If you tried to tack on more complexity to clojure's java compiler implementation that was never designed for those use-cases, you would fail a different way. If you try to design a system for too many use-cases from scratch, it will never ship.
f
@Gary Trakhman The short answer is separation of concerns. Using the same representation for everything requires compromises all over the place. Some examples: - because the presentation repr equals the storage repr, code style and formatting are shared between people. These are personal preferences and requiring consensus leads to a lot of bike shedding discussions. - changing the syntax of a PL breaks existing programs because execution depends on syntax. All mature languages have syntax they'd like to change but can't because it'd break existing code. - building accurate tools (static analysis, diff, ...) is difficult because it requires complex analysis of the source text. Valuable information like that a function has been renamed (in a diff) or how many usages a variable has (static analysis use case) are encoded implicitly (and language-dependant). A tree/graph could make this info explicit and easier to use.
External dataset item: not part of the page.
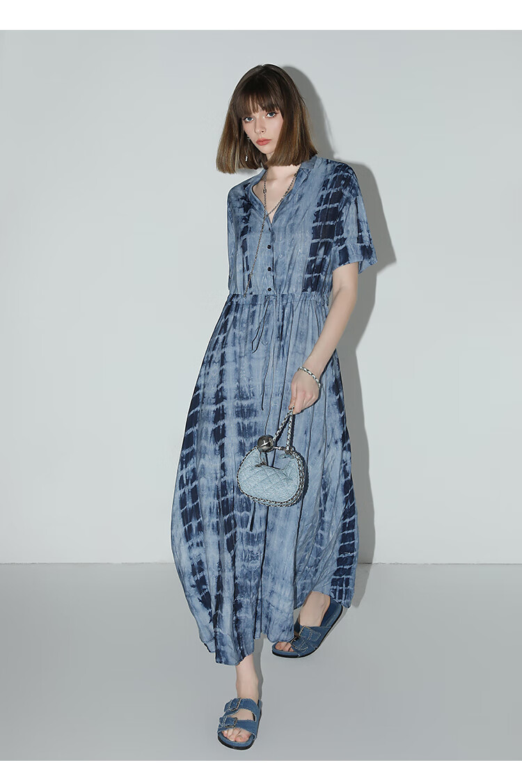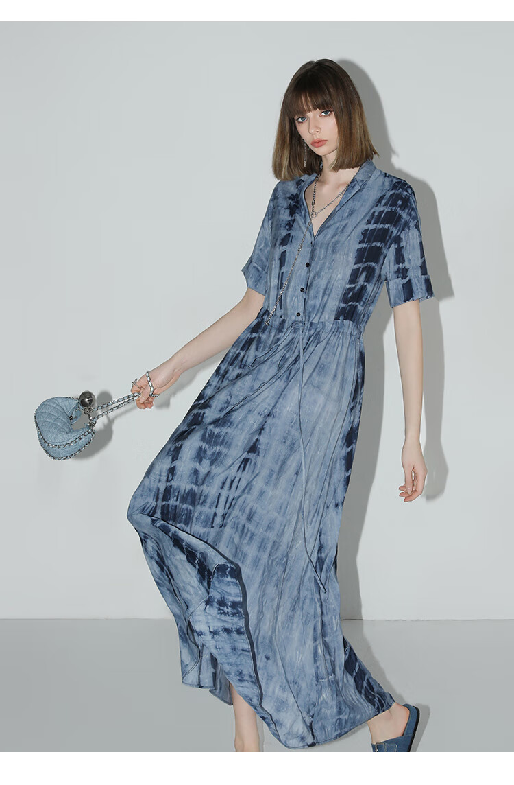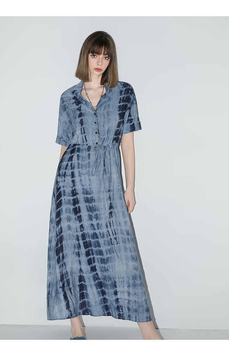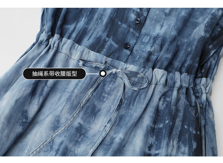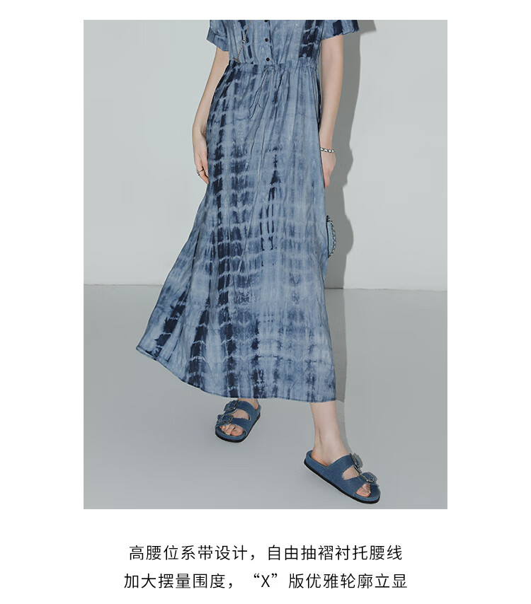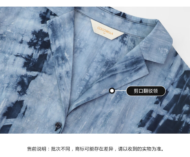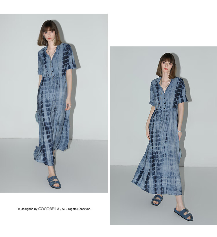 【限时秒杀】COCOBELLA手工扎染印花衬衫裙女夏气质通勤OL束腰连衣裙FR525B

I'm not against text representations generally, but for structured data like programs, a "natural representation" offers many benefits. Text does make sense for user interaction (screen, keyboard), but should be interpreted only once and as soon as possible.
❤️ 1
e
The only bidirectional graphic <==> text language on the future of computing spreadsheet that i see is Luna. That is the Polish project that has tried with a pretty good sized team for several years now to conquer this very ambitious task. In a conventional text language, you design a syntax (user space) which is mapped to an intermediate space (the AST) which is then mapped to some target language + runtime. So one is juggling 4 things at once, and 3 mappings: (user -> AST, AST -> runtime+target, runtime->target OS). Each new platform requires a new runtime, and platform conflicts force you to go back and change the runtime, which might cause the code generator to change. So there is a back and forth motion as the target creates a back-pressure, sometimes all the way to the syntax. When you add in the additional requirement that the textual code can be mapped to a nice looking graphical for with user inputs controlling it, you add 2 more mappings, the internal model (or text) -> graphical translation, and the user input -> internal model (or text). I think evidence points that designing the graphic side before pinning down your underlying language (Eve and Luna projects) is an expensive way to do it. During language evolution all of these layers are changing very frequently, and keeping all of these different things working smoothly together will exhaust even the most enthusiastic team. I am a lone voice in the wilderness with this position, but i firmly believe one should pin down the programming model and the "source of truth" language first, and make sure it is solid before attempting to add graphics. Some projects like Jai can go backwards from AST to the source code, as his AST has sufficient information, but most languages cannot reconstruct the source from the AST. In most languages the text form is the "source of truth".
f
@Edward de Jong / Beads Project I believe that pinning down a language just doesn't work. Programming languages constantly change and traditional SW dev strategies like Waterfall don't work because you just can't build things perfectly on the first try. We should make changing our PLs as easy as possible to allow improvements to be made. Our choice of the "source of truth" representation (that's used for storing programs) has a big impact on how easy our PL can be evolved. Different representations (separation of concerns) allow breaking changes in one representation (e.g. removing syntactic sugar in the user-facing syntax) without breaking other layers (e.g. the storage representation).
💯 1
y
@Gary Trakhman
I think if you’re trying to make a code storage DB that is more entangled to the code than simple text, then you trade off the ability to change the underlying semantics of the language.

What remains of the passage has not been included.